* What the exercise asks
When you reach the line with "La clave volvió" in the records below, begin transcribing exactly and continue up to and including the line with "8月17日,南都记者在viv", leaving out every picture.

* Data provided

----

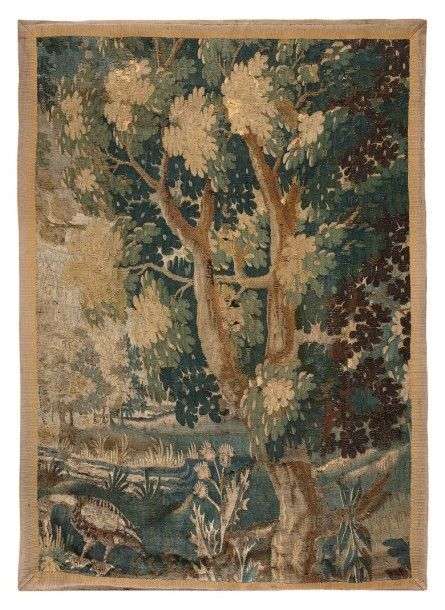 Fragment de tapisserie à décor d'un volatile sur fond de verdure H: 142 - L: 113 cm Accidents et usures
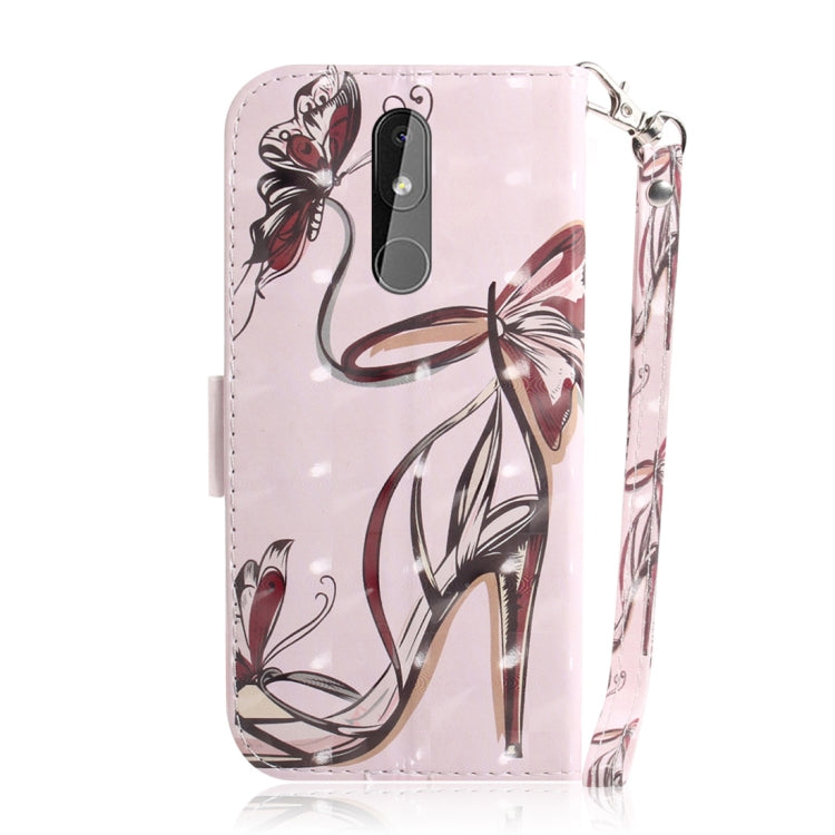 Estuche de Cuero con Tapa Horizontal para Nokia 3.2 con Soporte, Ranuras y Billetera (Patrón Tacón Alto Mariposa 3D)
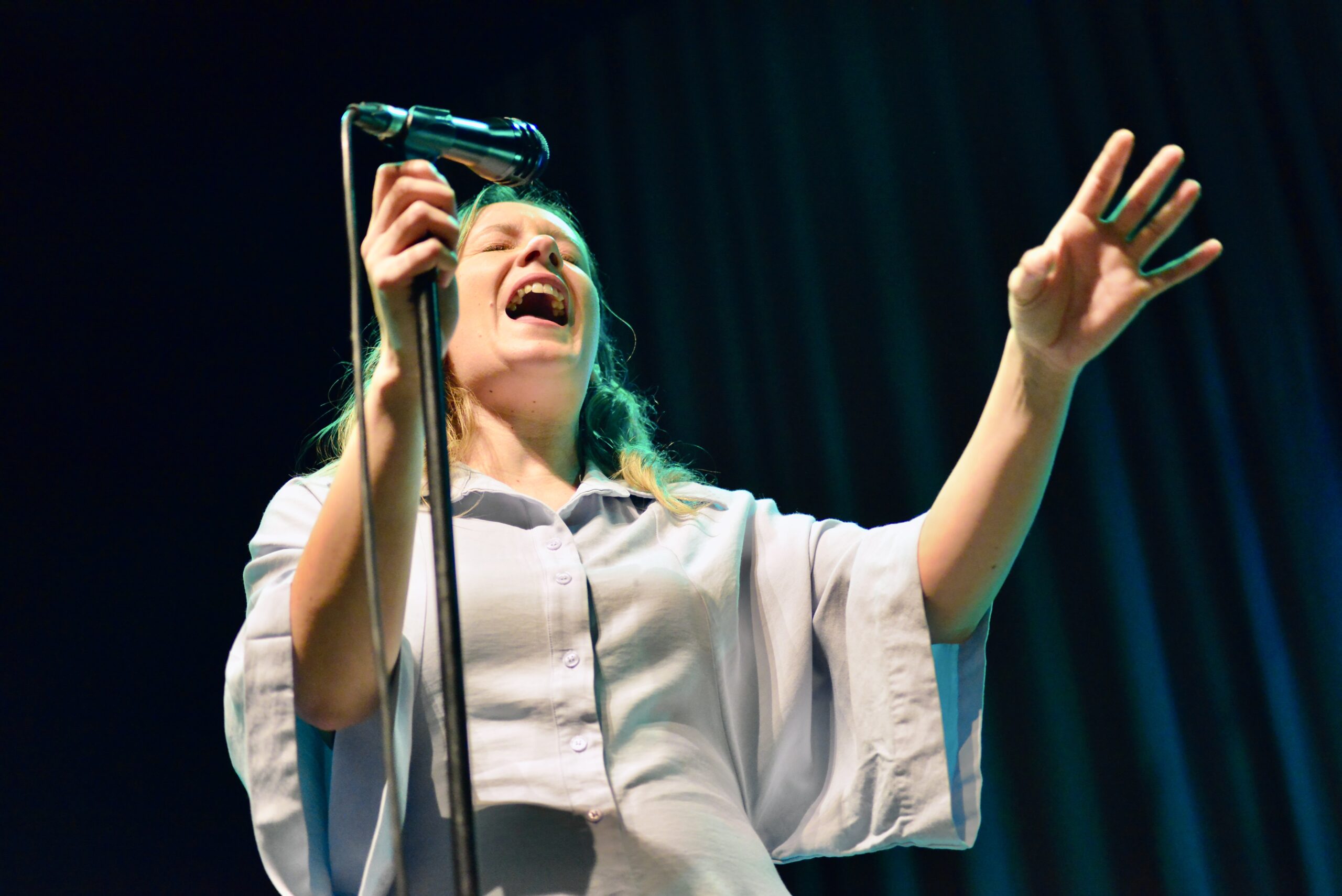 La clave volvió a ser Nina de Juan. No solo por la voz —que sigue siendo uno de los instrumentos más expresivos del panorama nacional— sino por su manera de estar. Entre tema y tema dejó ver sus pequeñas inseguridades con una naturalidad desarmante: continuos agradecimientos al público, sonrisas tímidas y miradas cómplices a la banda. Lejos de restar autoridad, su honestidad la engrandece. Su simpatía no es impostada; nace precisamente de mostrarse vulnerable. Pero cuando se siente segura, cuando decide apretar, el Teatro de las esquinas se derritió. No era para menos. Temazos como Blue eyes, Jimador, Cruel, Radio o River no está al alcance de cualquiera, el efecto que provocan en el respetable tampoco. El funk de Another road volvió a encender la noche para acabar el show por todo lo alto. Conexión plena con un público que aceptó la propuesta y se vino arriba en un concierto que acabó en fiesta.
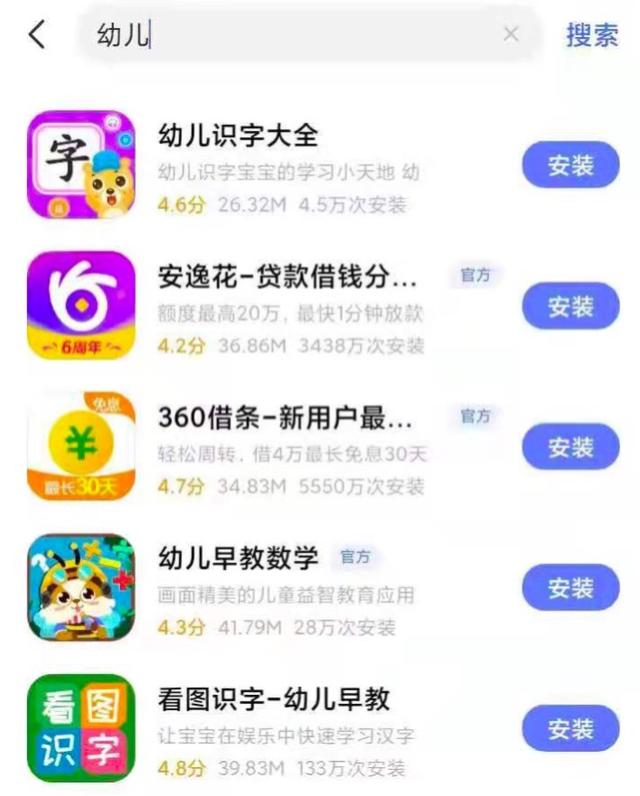8月17日,南都记者在vivo应用商店以“幼儿”“学习”“教育”等关键词进行搜索,发现结果列表第2、3、6位总出现“安逸花-贷款借钱分期平台”“360借条-新用户最高免息30天”两款金融产品,这是vivo应用商店的推广位。查询发现,这两款App今年都曾因违规登上相关部门通报名单。
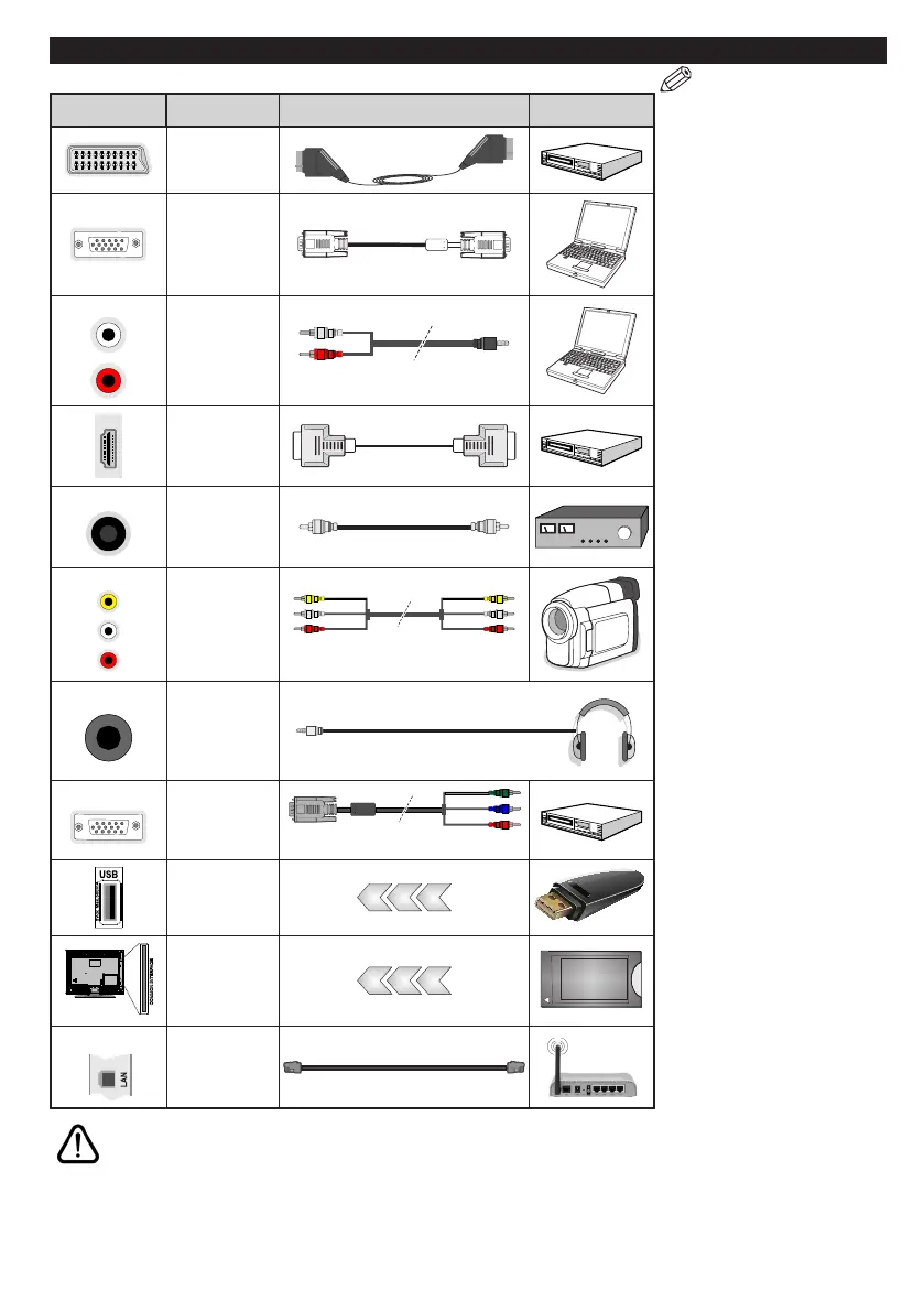 If you want to connect a device to the TV, make sure that both the TV and the device are turned off before making
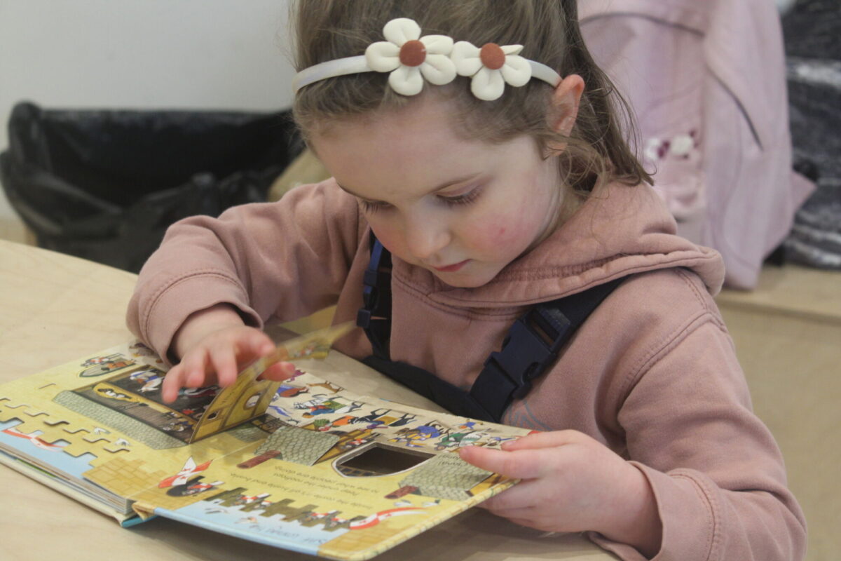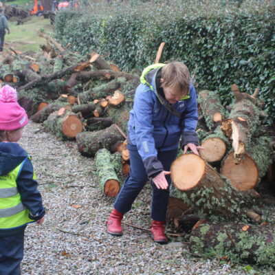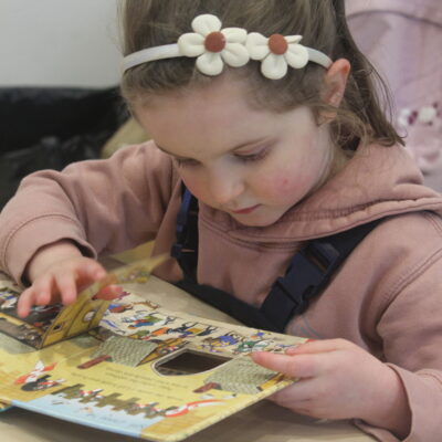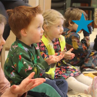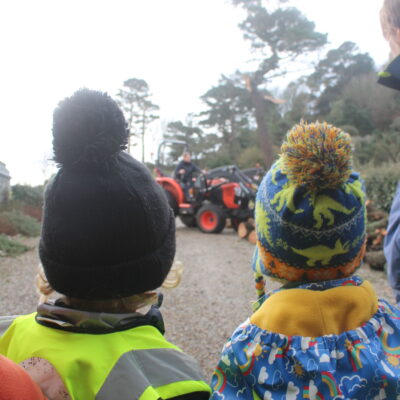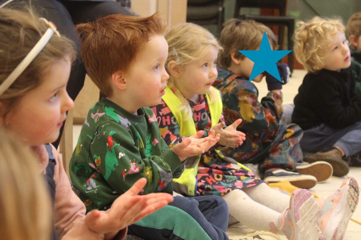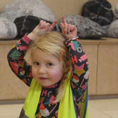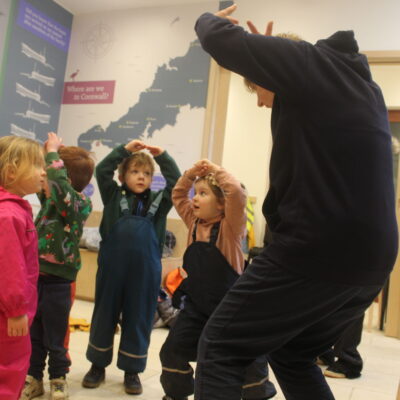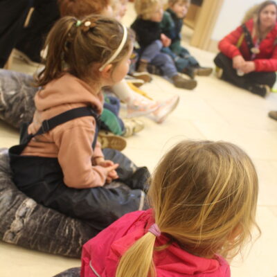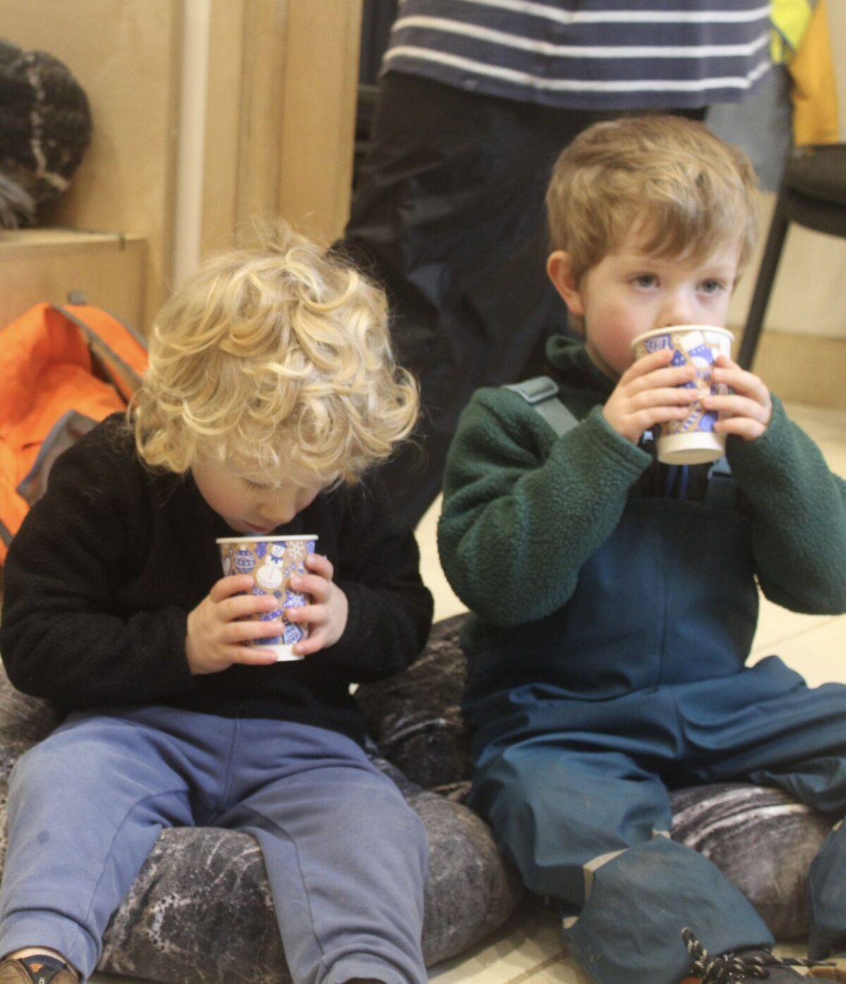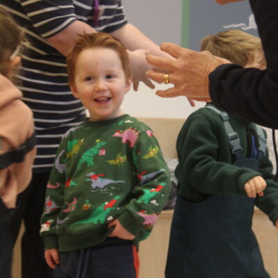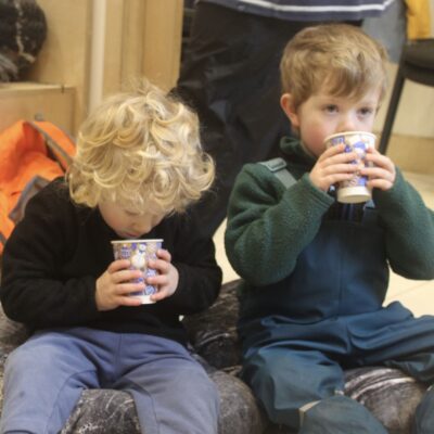 Next we went to the learning hub where we were treated to an oat milk hot chocolate which was delicious! After this Kerry told us the story of Cormoran the giant and the children joined in with actions (including making bunny ears that showed numbers!) and we even acted out the story when Kerry told it to us for a second time! They were fantastic actors and actresses! Kerry handed around Jack’s horn to show the children and they handled it very carefully and she blew it gently and the sound mesmerised the children.

----

* Solved exercise
 La clave volvió a ser Nina de Juan. No solo por la voz —que sigue siendo uno de los instrumentos más expresivos del panorama nacional— sino por su manera de estar. Entre tema y tema dejó ver sus pequeñas inseguridades con una naturalidad desarmante: continuos agradecimientos al público, sonrisas tímidas y miradas cómplices a la banda. Lejos de restar autoridad, su honestidad la engrandece. Su simpatía no es impostada; nace precisamente de mostrarse vulnerable. Pero cuando se siente segura, cuando decide apretar, el Teatro de las esquinas se derritió. No era para menos. Temazos como Blue eyes, Jimador, Cruel, Radio o River no está al alcance de cualquiera, el efecto que provocan en el respetable tampoco. El funk de Another road volvió a encender la noche para acabar el show por todo lo alto. Conexión plena con un público que aceptó la propuesta y se vino arriba en un concierto que acabó en fiesta.
8月17日,南都记者在vivo应用商店以“幼儿”“学习”“教育”等关键词进行搜索,发现结果列表第2、3、6位总出现“安逸花-贷款借钱分期平台”“360借条-新用户最高免息30天”两款金融产品,这是vivo应用商店的推广位。查询发现,这两款App今年都曾因违规登上相关部门通报名单。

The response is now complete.